To przez niego się Maryś wykończył! Nerwy mu nie wytrzymały i na zawał zmarł. Mówiłam Asi, że to jej wina. Że ma wracać do Polski, zamiast się po świecie szlajać.
– Ojca do grobu wpędziłaś, teraz mnie chcesz zabić? – zarzucałam jej.
– Mamo! – krzyknęła – Jeśli ktoś wpędził ojca do grobu, to jedynie ty! Ja przez ciebie z kraju wyjechałam, tylko patrzeć, aż Jarek dorośnie i też ucieknie, jak najdalej się da.
Nie mogłam słuchać jej bezczelnych oszczerstw. Rozpłakałam się.
– Jak możesz? Niewdzięczna jesteś! Masz wrócić do kraju i nie dyskutować z matką!
Coraz później wraca, coraz bardziej o siebie dba…

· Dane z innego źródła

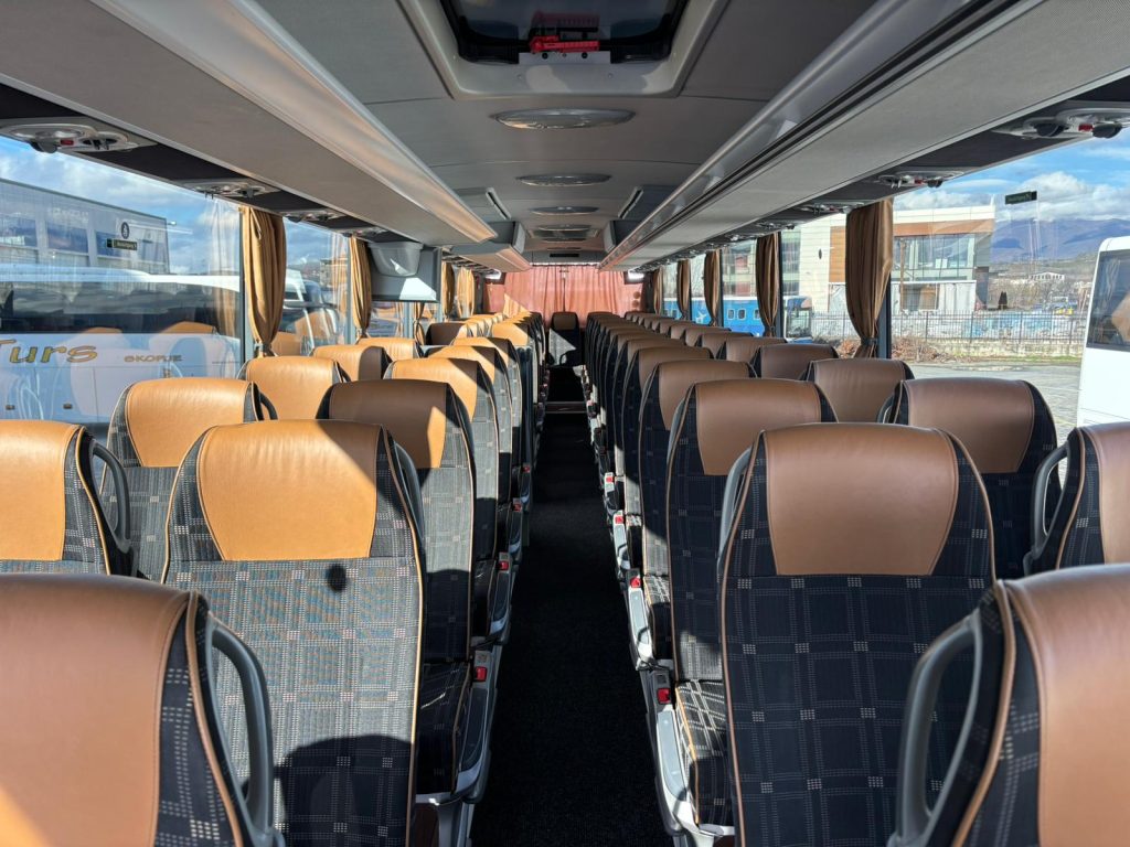 What we offer: Air conditioner, refrigerator, adjustable seats COMFORT CLASS with armrests, footrests, folding table, individual lighting, microphone, safety belts

Nic to jednak nie dało. Asia wyszła, trzaskając drzwiami. Żałoby po ojcu nawet nie uszanowała. I pojechała z powrotem do tego swojego gacha. Nie wiem, gdzie zrobiliśmy błąd, ale źle żeśmy ją wychowali. Postanowiłam do Jareczka jeszcze bardziej się przyłożyć. Był w trudnym wieku. Musiałam poświęcić mu jeszcze więcej uwagi. I tak też zrobiłam. Skończył 22 lata i był moim oczkiem w głowie, wszystkim, co miałam. I nagle te problemy… Musiałam baczniej mu się przyjrzeć.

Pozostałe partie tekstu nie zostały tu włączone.